**About this exercise:**
Return all of the entries below, word for word. Omit each picture.

**Extracted material:**
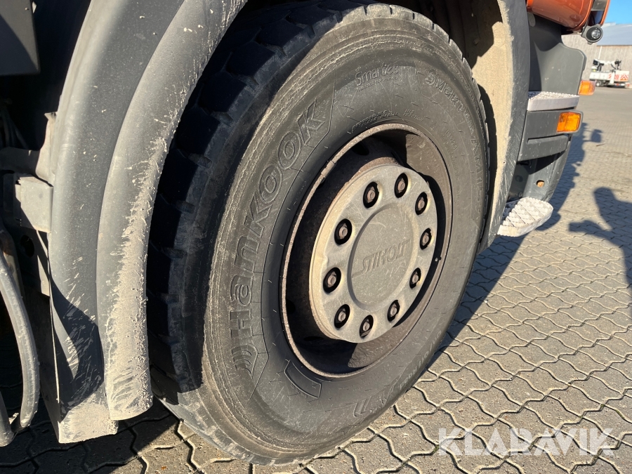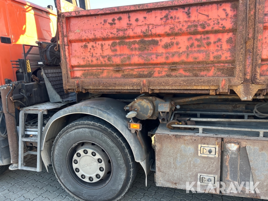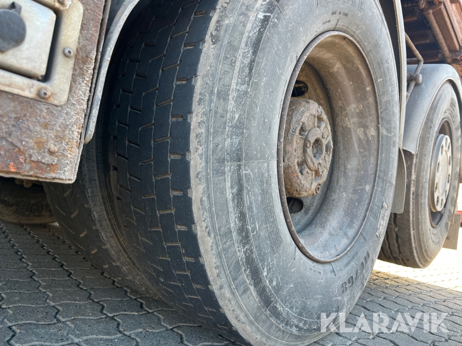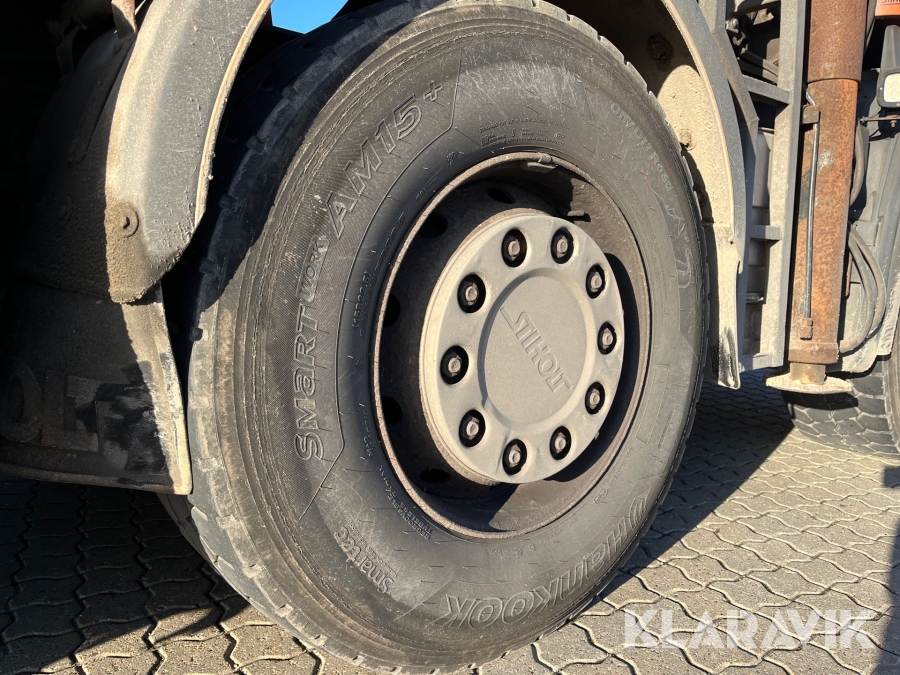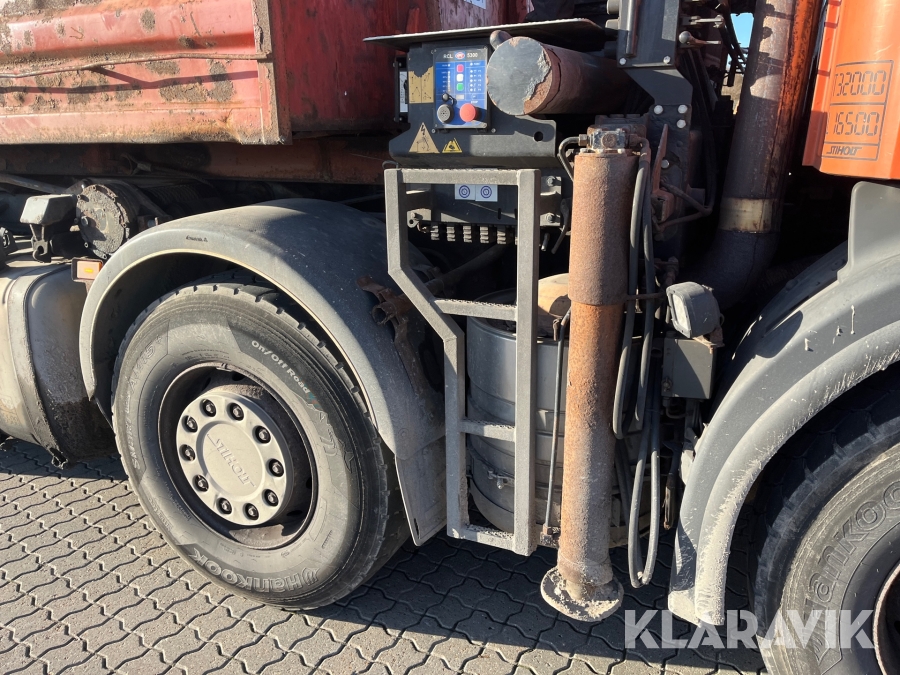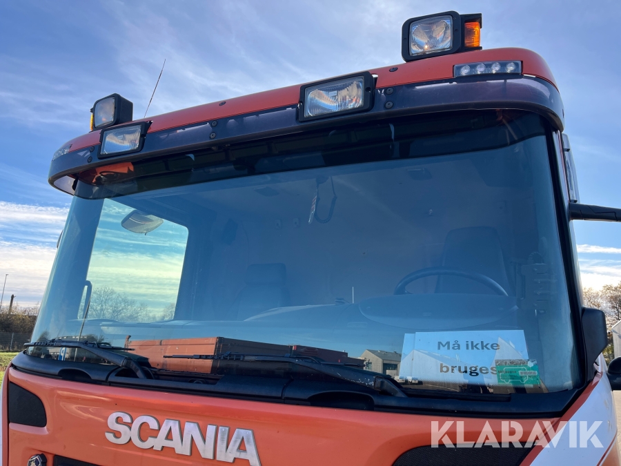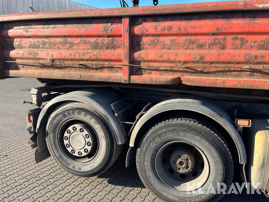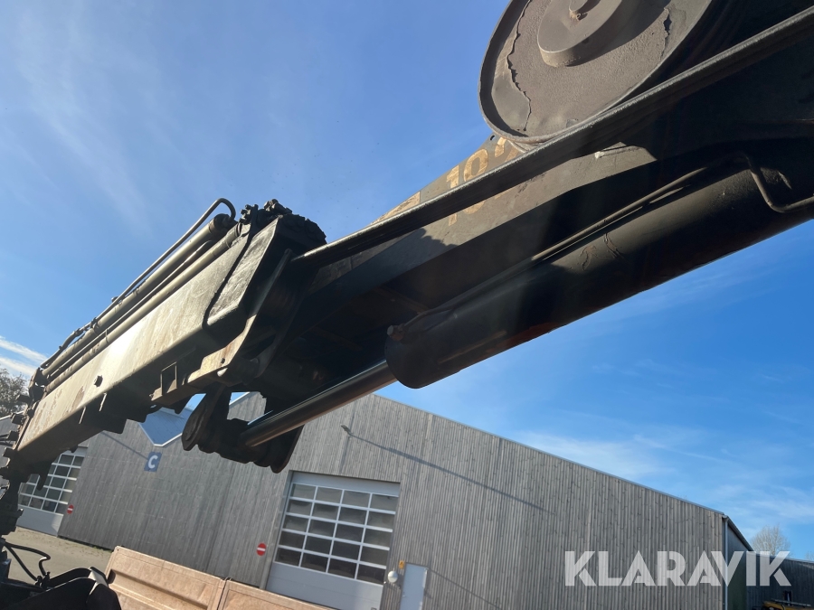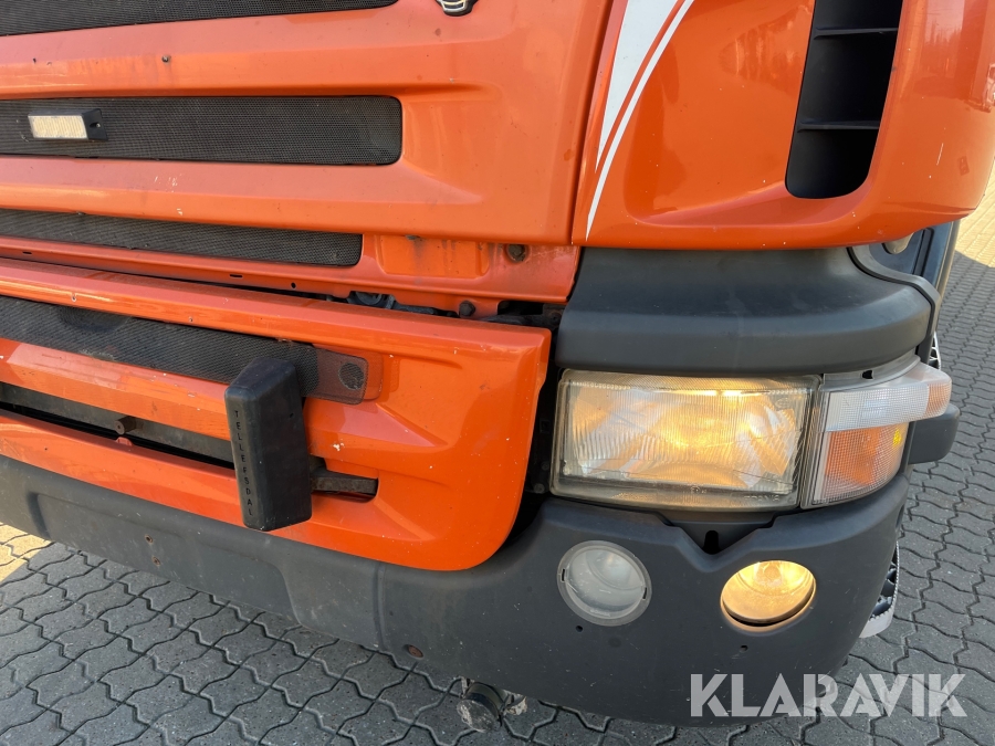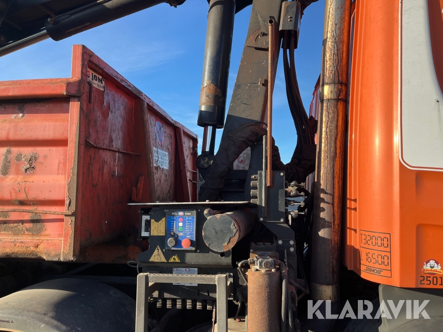 Lastbil Scania P380 med kran og lad
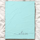 Aqua Blue Teal Modern Script Girly Monogram Name Fleece Blanket
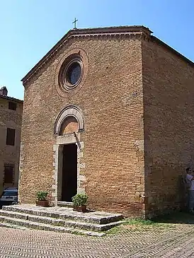 Внутри церковь украшена фресками сиенской школы начала XIV века. Среди них:
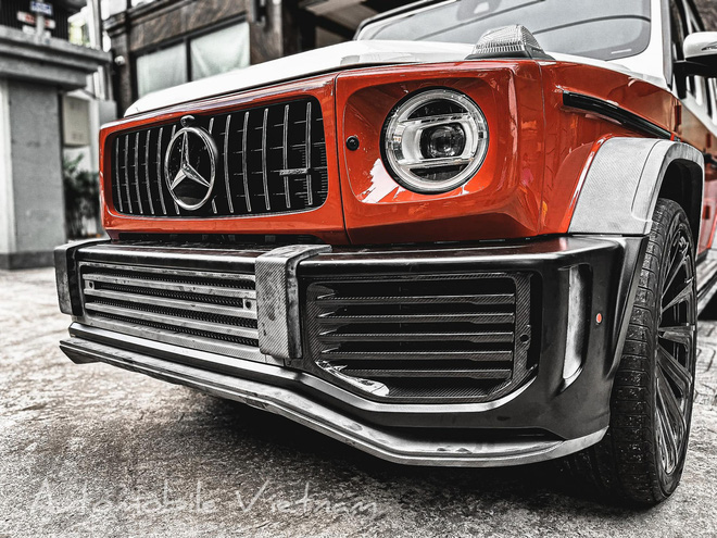 Chiếc Mercedes-AMG G 63 trong bài viết được nâng cấp gói độ Urban 700S mang đến những chi tiết mới bao gồm phần cản trước/sau được thiết kế lại lớn hơn so với nguyên bản. Vòm bánh xe được mở rộng, gia tăng chiều rộng của xe thêm 50 mm, cánh gió lướt gió phía sau cùng hệ thống đèn LED được gắn trên nóc xe, ốp gương và ốp bánh dự phòng phía sau. Tất cả những chi tiết này được làm từ sợi carbon trọng lượng nhẹ và siêu bền.
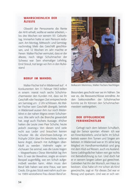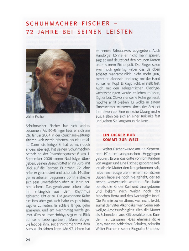 Schuhmacher Fischer hat sich anders besonnen. Als 90-Jähriger liess er sich am 26. Januar 2004 in der «Zürichsee-Zeitung» zitieren: «Ich werde arbeiten, bis ich umfalle. Dann ists fertig.» Er hat es sich doch anders überlegt, hat seinen Schuhmacherbetrieb an der Rosenbergstrasse 6 am 1. September 2006 einem Nachfolger übergeben. Seinen Besuch bittet er ins Büro, mit Blick auf die Terrasse. Er erzählt. 72 Jahre habe er geschustert und schon als 14-Jähriger zu arbeiten begonnen. Somit erstrecke sich sein Erwerbsleben über 78 Jahre seines Lebens. Das geruhsame Leben habe ihn anfänglich aus dem Rhythmus gebracht, gibt er zu. Die gewonnene Ruhe tue ihm aber gut. «Ich habe es ja schön», sagt er zufrieden. Er schlafe länger, gehe spazieren, und am Nachmittag werde gejasst. «Das ist unser Hobby», sagt er mit Blick auf seine Lebenspartnerin, Marie Burger. Sie lebt bei ihm, seit er nicht mehr mit dem Auto zu ihr fahren kann. Mit 93 Jahren hat er seinen Fahrausweis abgegeben. Auch Handorgel könne er nicht mehr spielen, sagt er, und deutet auf den braunen Kasten unter seinem Eichenpult. Die Finger seien zwar noch gelenkig, «aber das da oben schaltet wahrscheinlich nicht mehr gut», meint er lakonisch und zeigt mit der Hand auf seinen Kopf. Er klagt nicht, er stellt fest. Auch mit den gelegentlichen Gleichgewichtsstörungen werde er leben müssen, fügt er bei. Obwohl er seine Ruhe geniesst, möchte er fit bleiben. Er wollte in einem Fitnesscenter trainieren, doch der Arzt riet ihm davon ab. Eine einfache Übung reiche aus: Halten Sie sich an einer Türklinke fest und gehen Sie langsam in die Knie.
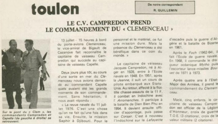 Commandement Porte Avions Clemenceau : Toulon - Déc. 1975 -
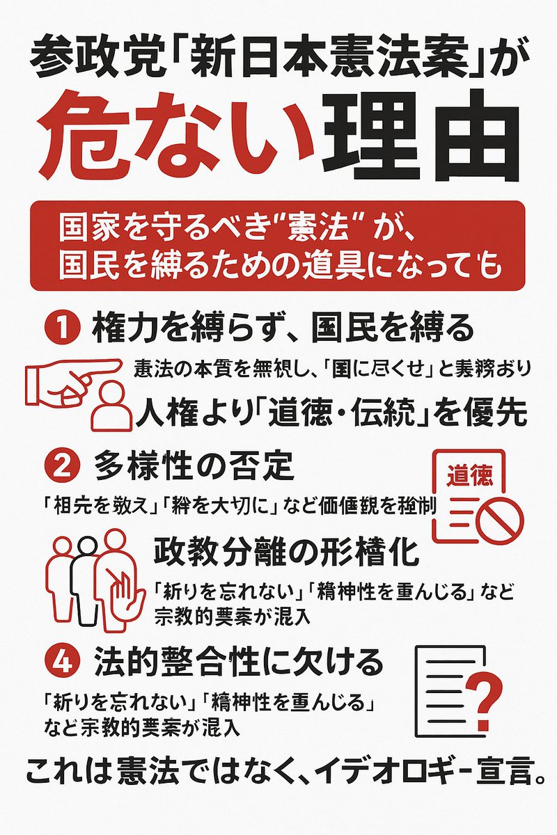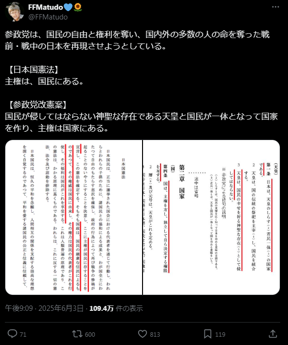 参政党の政策「国民主権をやめ天皇主権に」「憲法は国ではなく国民を縛るものにする」「農薬・化学肥料を禁止」「国民を全員農民に」etc
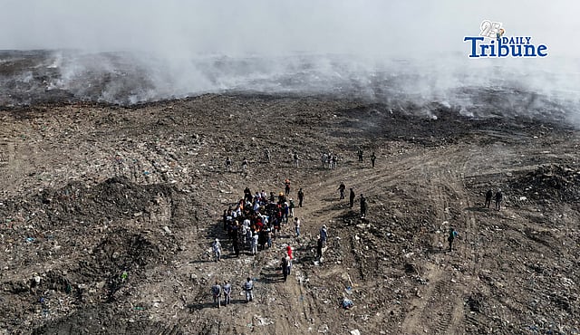 LANDFILL BLAZE FROM ABOVE: An aerial view of the Navotas Sanitary Landfill on 16 April 2026 shows a fire that has been burning for days, affecting nearby communities in Navotas, Malabon, and Obando, Bulacan. Photo by Analy Labor.

**Answer space:**
 Lastbil Scania P380 med kran og lad
 Aqua Blue Teal Modern Script Girly Monogram Name Fleece Blanket
 Внутри церковь украшена фресками сиенской школы начала XIV века. Среди них:
 Chiếc Mercedes-AMG G 63 trong bài viết được nâng cấp gói độ Urban 700S mang đến những chi tiết mới bao gồm phần cản trước/sau được thiết kế lại lớn hơn so với nguyên bản. Vòm bánh xe được mở rộng, gia tăng chiều rộng của xe thêm 50 mm, cánh gió lướt gió phía sau cùng hệ thống đèn LED được gắn trên nóc xe, ốp gương và ốp bánh dự phòng phía sau. Tất cả những chi tiết này được làm từ sợi carbon trọng lượng nhẹ và siêu bền.
 Schuhmacher Fischer hat sich anders besonnen. Als 90-Jähriger liess er sich am 26. Januar 2004 in der «Zürichsee-Zeitung» zitieren: «Ich werde arbeiten, bis ich umfalle. Dann ists fertig.» Er hat es sich doch anders überlegt, hat seinen Schuhmacherbetrieb an der Rosenbergstrasse 6 am 1. September 2006 einem Nachfolger übergeben. Seinen Besuch bittet er ins Büro, mit Blick auf die Terrasse. Er erzählt. 72 Jahre habe er geschustert und schon als 14-Jähriger zu arbeiten begonnen. Somit erstrecke sich sein Erwerbsleben über 78 Jahre seines Lebens. Das geruhsame Leben habe ihn anfänglich aus dem Rhythmus gebracht, gibt er zu. Die gewonnene Ruhe tue ihm aber gut. «Ich habe es ja schön», sagt er zufrieden. Er schlafe länger, gehe spazieren, und am Nachmittag werde gejasst. «Das ist unser Hobby», sagt er mit Blick auf seine Lebenspartnerin, Marie Burger. Sie lebt bei ihm, seit er nicht mehr mit dem Auto zu ihr fahren kann. Mit 93 Jahren hat er seinen Fahrausweis abgegeben. Auch Handorgel könne er nicht mehr spielen, sagt er, und deutet auf den braunen Kasten unter seinem Eichenpult. Die Finger seien zwar noch gelenkig, «aber das da oben schaltet wahrscheinlich nicht mehr gut», meint er lakonisch und zeigt mit der Hand auf seinen Kopf. Er klagt nicht, er stellt fest. Auch mit den gelegentlichen Gleichgewichtsstörungen werde er leben müssen, fügt er bei. Obwohl er seine Ruhe geniesst, möchte er fit bleiben. Er wollte in einem Fitnesscenter trainieren, doch der Arzt riet ihm davon ab. Eine einfache Übung reiche aus: Halten Sie sich an einer Türklinke fest und gehen Sie langsam in die Knie.
 Commandement Porte Avions Clemenceau : Toulon - Déc. 1975 -
 参政党の政策「国民主権をやめ天皇主権に」「憲法は国ではなく国民を縛るものにする」「農薬・化学肥料を禁止」「国民を全員農民に」etc
 LANDFILL BLAZE FROM ABOVE: An aerial view of the Navotas Sanitary Landfill on 16 April 2026 shows a fire that has been burning for days, affecting nearby communities in Navotas, Malabon, and Obando, Bulacan. Photo by Analy Labor.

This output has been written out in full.